An expressive model of human motion is essential for action classification, motion prediction and synthesis. To that end, we are exploring several deep network architectures to predict human movement.
Current methods for motion prediction typically do not work for a wide range of actions and suffer from "regression to the mean". We show that, surprisingly, state-of-the-art performance can be achieved by a simple baseline that does not model motion at all. We investigate this and propose three changes to the standard RNN models typically used for human motion, which result in a simple and scalable RNN architecture that obtains state-of-the-art performance on human motion prediction [ ].
We have also shown that a simple encoder/decoder architecture that takes a set of past poses and predicts a set of future poses works well and is simpler than RNN models. By forcing the encoding through a bottleneck, the approach learns features of human movement that are useful for action recognition. Our feed-forward networks outperform recurrent approaches for short- and long-term predictions and generalize to novel subjects and actions [ ].

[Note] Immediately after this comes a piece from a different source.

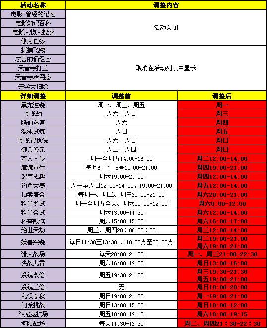 26.为了更加合理安排游戏时间,活动时间进行调整;
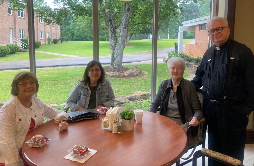 I met so many wonderful people at the retreat. These are three ladies that I grew close to Jean, Cathy, and Iris, with Father Walsh. He came over to explain the question that Mary remained a Virgin all her life and Jesus had no brothers. A questions that confuse people.

We have worked on several methods to estimate 3D pose from 2D joints. We show that this can actually be solved with a very simple network that outperforms previous, more complex, methods by a substantial margin. This suggests that "lifting" from 2D to 3D is not the really hard problem but, rather, that extracting the relevant information from the 2D image is the key [ ].
Neural networks, however, may not generalize to scenarios that they have never seen -- imagine someone floating in zero gravity. Hence we also explore physics-based controllers of human movement [ ]. We envision a future that combines the best of both approaches with learned models of behavior combined with physical constraints coming from environmental interaction.